Create and manage jobs

A job runs your Apache Flink pipeline. You can either run jobs within an existing deployment, or you can run an on-demand job.

To create a deployment for your jobs, see Create a deployment.

Required APIs

To create and manage a BigQuery Engine for Apache Flink job, you must enable the BigQuery Engine for Apache Flink API.

gcloud services enable managedflink.googleapis.com

You might need to enable additional APIs such as Cloud Storage if your pipeline requires it.

Required roles and permissions

This section describes the roles required to manage your jobs. For more information about BigQuery Engine for Apache Flink roles, see BigQuery Engine for Apache Flink predefined roles.

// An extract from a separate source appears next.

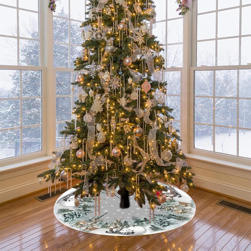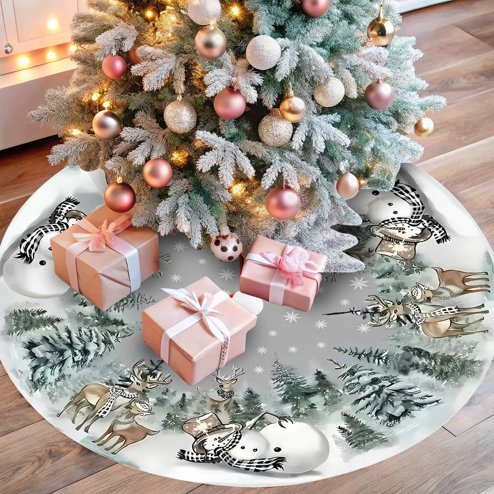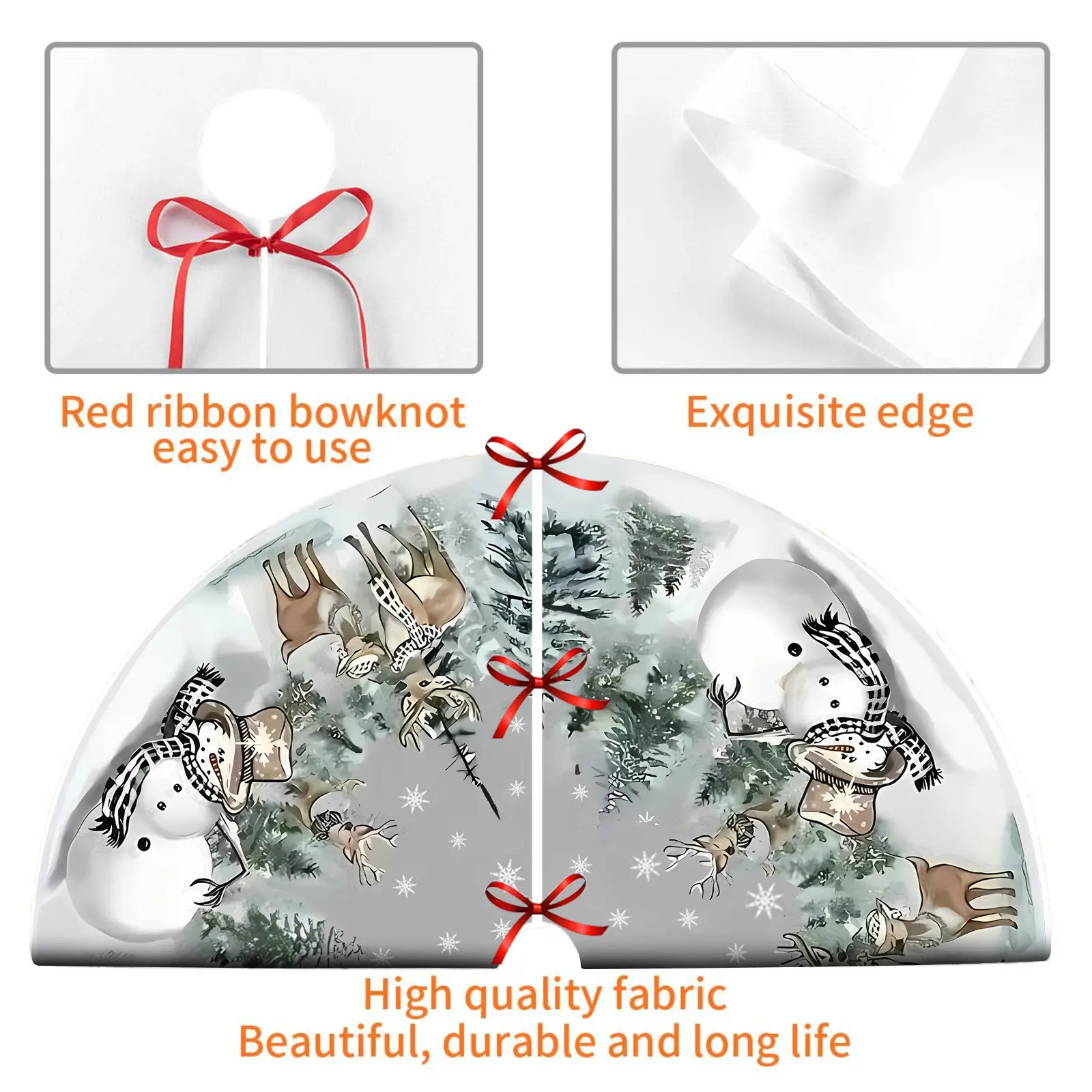 5. JOOCAR Snowman Reindeer Snowflake Christmas Tree Skirt 48 Inch, Winter Holiday Tree Mat Decoration

Create, update, and delete

To get the permissions that you need to create, update, and delete a job, ask your administrator to grant you the Managed Flink Developer (roles/managedflink.developer) IAM role on your project. For more information about granting roles, see Manage access to projects, folders, and organizations.

This predefined role contains the permissions required to create, update, and delete a job. To see the exact permissions that are required, expand the Required permissions section:

Required permissions

The following permissions are required to create, update, and delete a job:

  • Create a job: managedflink.jobs.create
  • Update a job: managedflink.jobs.update
  • Delete a job: managedflink.jobs.delete

You might also be able to get these permissions with custom roles or other predefined roles.

Get and list

To get the permissions that you need to retrieve information about a job and list jobs, ask your administrator to grant you the Managed Flink Viewer (roles/managedflink.viewer) IAM role on your project. For more information about granting roles, see Manage access to projects, folders, and organizations.

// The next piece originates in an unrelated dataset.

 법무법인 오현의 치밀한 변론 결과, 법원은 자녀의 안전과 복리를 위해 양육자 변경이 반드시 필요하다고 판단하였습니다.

This predefined role contains the permissions required to retrieve information about a job and list jobs. To see the exact permissions that are required, expand the Required permissions section:

Required permissions

The following permissions are required to retrieve information about a job and list jobs:

  • Get details about a job: managedflink.jobs.get
  • List jobs: managedflink.jobs.list

You might also be able to get these permissions with custom roles or other predefined roles.

Properties of a job

BigQuery Engine for Apache Flink jobs have the following properties.

Job ID

The ID for the job. BigQuery Engine for Apache Flink automatically generates the job ID when you create the job.

Job name

An optional name for the job. Job names don't need to be unique.

Location

The location where the job runs. The location must be one of the supported Google Cloud regions. If the job is created within an existing deployment, the job location must match the deployment location. You can't change the location of a job. For a list of available locations, see BigQuery Engine for Apache Flink locations.

Project ID

The ID of the Google Cloud project for the job that you are creating. Your job is created in the project that you specify. If the job is created within an existing deployment, the job project must match the deployment project. You can't change the project of a job. For information about Google Cloud project IDs and project numbers, see Identifying projects.

Deployment ID

The name of the BigQuery Engine for Apache Flink deployment to use for this job. If you don't specify an existing deployment, a one-time deployment is created to run the job. That deployment only exists while the job is running and can't be used to run other jobs.

JAR or SQL file

When you create a job, you specify either a JAR file or a SQL file that defines your Apache Flink pipeline. BigQuery Engine for Apache Flink uses this file to execute your job.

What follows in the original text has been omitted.